I understand why Marcus takes what Franzen says more seriously than what Stephen King said when he won the National Book Award (when he says “There's a great deal of good stuff out there and not all of it is being done by writers whose work is regularly reviewed in the Sunday New York Times Book Review,” he is not talking about experimental literary fiction. He’s talking about his books, reviews of which have been ghetto-ized to the daily edition. Poor dear!). Marcus takes Franzen more seriously because Franzen continues to assert that he is the vanguard of experimental fiction, he is the most ambitious and difficult writer publishing today, and anyone else is just writing nonsense.
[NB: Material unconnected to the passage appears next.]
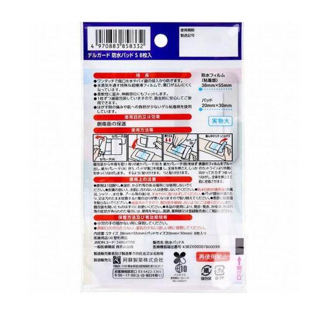 Sサイズ:パッド 20mm×30mm、防水フィルム(粘着部) 38mm×55mm

They’re not writers at all, they’re doms beating up their subservient readers. Additionally, Franzen constantly asserts that he is the ideal reader for avant garde and experimental fiction, yet he holds it in such distain that he can’t read any of it. Dude, I am that reader, not you, and I am requesting that you quit insulting me before I kick your ass.

Essentially I see the problem as this: everyone is beating up on the nerdy kids, even the other nerdy kids. Because publishing is ALL nerdy kids. King and Franzen will gladly cast oblique aspersions at people like Ellen Gilchrist and Don Delillo, people who may not be household names but have had honors bestowed upon then nonetheless (and who get reviewed in the New York Times Book Review). How dare the National Book Foundation award a prize to something as difficult as Cormac McCarthy’s All The Pretty Horses? It’s funny, if you go back and look at the NBA winners for the last 50 years, you’ll see a lot of familiar names. It seems that these awards are indeed going to the big name people, the publishing rock-stars. I guess you wuz wrong Stephen King.
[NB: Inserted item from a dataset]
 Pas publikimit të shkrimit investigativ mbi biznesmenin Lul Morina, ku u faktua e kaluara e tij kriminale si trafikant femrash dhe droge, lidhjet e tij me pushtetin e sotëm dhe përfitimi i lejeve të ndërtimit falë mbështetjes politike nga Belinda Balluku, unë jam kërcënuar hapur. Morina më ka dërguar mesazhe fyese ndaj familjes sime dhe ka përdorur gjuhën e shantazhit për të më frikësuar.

But the real thesis of Marcus’s article is this: the avant garde—Ben Marcus and Lydia Davis, Marianne Robison, David Means and David Gates, and yes, even David Foster Wallace—are the future of fiction. Not that you’re all going to be reading difficult fiction 10 years or 50 years from now, but that fiction will die as an art if it does not go forward. People like Franzen and King don’t want the art to progress. Why do you want to kill what you love, dudes? What, if you can't have literature, no one can hav her? That's crazy talk. I also don’t understand why you want to fight with me. I am a mean and dirty fighter, and I will win. The difficult writers will continue to publish, and will continue not to sell any books, whether you want them to or not. And I and 35 other people will read them and enjoy them.

I guess the problem is this: I’m a really attractive reader, and I am the reader you really want, the one who will get below the sentences of the text, who will be right there with you when you make your linguistic pirouettes. Guess what? Your worst fear has been realized—you’re not good enough for me.